> [ACTIVITY]: Lines outside the range are not wanted. Give again exactly the lines between the line holding "Der Stiegenaufgang zur" and the line holding "This graceful finger", inclusive, from the listing below.

> [ENTRIES SUPPLIED]:
Segment Open
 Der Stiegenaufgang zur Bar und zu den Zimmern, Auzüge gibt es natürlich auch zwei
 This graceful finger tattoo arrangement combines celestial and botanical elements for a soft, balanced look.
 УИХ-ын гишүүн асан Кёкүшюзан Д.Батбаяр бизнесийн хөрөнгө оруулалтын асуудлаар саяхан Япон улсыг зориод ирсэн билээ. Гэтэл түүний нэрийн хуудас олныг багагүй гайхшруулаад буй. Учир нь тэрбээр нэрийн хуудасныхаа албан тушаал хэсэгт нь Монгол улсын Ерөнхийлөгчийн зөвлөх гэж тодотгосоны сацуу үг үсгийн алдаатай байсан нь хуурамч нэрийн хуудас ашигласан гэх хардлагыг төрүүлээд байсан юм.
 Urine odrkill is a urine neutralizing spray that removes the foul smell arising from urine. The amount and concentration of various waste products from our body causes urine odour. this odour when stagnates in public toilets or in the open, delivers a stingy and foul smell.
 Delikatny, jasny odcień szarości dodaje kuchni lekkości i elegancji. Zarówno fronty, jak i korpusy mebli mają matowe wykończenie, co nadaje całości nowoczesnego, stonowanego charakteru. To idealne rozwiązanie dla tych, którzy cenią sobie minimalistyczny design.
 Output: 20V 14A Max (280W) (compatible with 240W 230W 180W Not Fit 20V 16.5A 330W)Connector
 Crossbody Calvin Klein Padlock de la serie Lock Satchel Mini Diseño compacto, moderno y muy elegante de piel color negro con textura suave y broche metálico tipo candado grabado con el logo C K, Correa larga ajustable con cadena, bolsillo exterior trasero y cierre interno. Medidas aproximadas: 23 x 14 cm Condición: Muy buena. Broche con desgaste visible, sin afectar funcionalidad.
Segment Closed
Segment Open
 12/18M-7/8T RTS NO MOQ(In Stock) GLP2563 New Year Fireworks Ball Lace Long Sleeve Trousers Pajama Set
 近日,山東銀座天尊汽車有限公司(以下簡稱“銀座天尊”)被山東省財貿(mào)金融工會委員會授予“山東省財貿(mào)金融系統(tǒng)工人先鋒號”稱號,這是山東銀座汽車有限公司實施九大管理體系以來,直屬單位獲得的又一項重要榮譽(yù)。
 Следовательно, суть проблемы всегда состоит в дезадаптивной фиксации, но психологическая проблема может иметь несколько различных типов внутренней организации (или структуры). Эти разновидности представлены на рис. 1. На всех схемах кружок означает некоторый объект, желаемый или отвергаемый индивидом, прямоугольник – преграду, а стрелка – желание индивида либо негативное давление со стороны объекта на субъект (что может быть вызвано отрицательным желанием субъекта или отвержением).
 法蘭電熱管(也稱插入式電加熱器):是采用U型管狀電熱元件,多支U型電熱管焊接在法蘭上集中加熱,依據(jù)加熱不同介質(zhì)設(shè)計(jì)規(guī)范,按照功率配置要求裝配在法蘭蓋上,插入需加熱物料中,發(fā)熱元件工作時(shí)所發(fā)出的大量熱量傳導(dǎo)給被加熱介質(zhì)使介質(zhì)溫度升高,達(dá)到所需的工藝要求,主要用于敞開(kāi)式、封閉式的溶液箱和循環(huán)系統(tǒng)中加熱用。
Segment Closed
> [ANSWER]:
 Der Stiegenaufgang zur Bar und zu den Zimmern, Auzüge gibt es natürlich auch zwei
 This graceful finger tattoo arrangement combines celestial and botanical elements for a soft, balanced look.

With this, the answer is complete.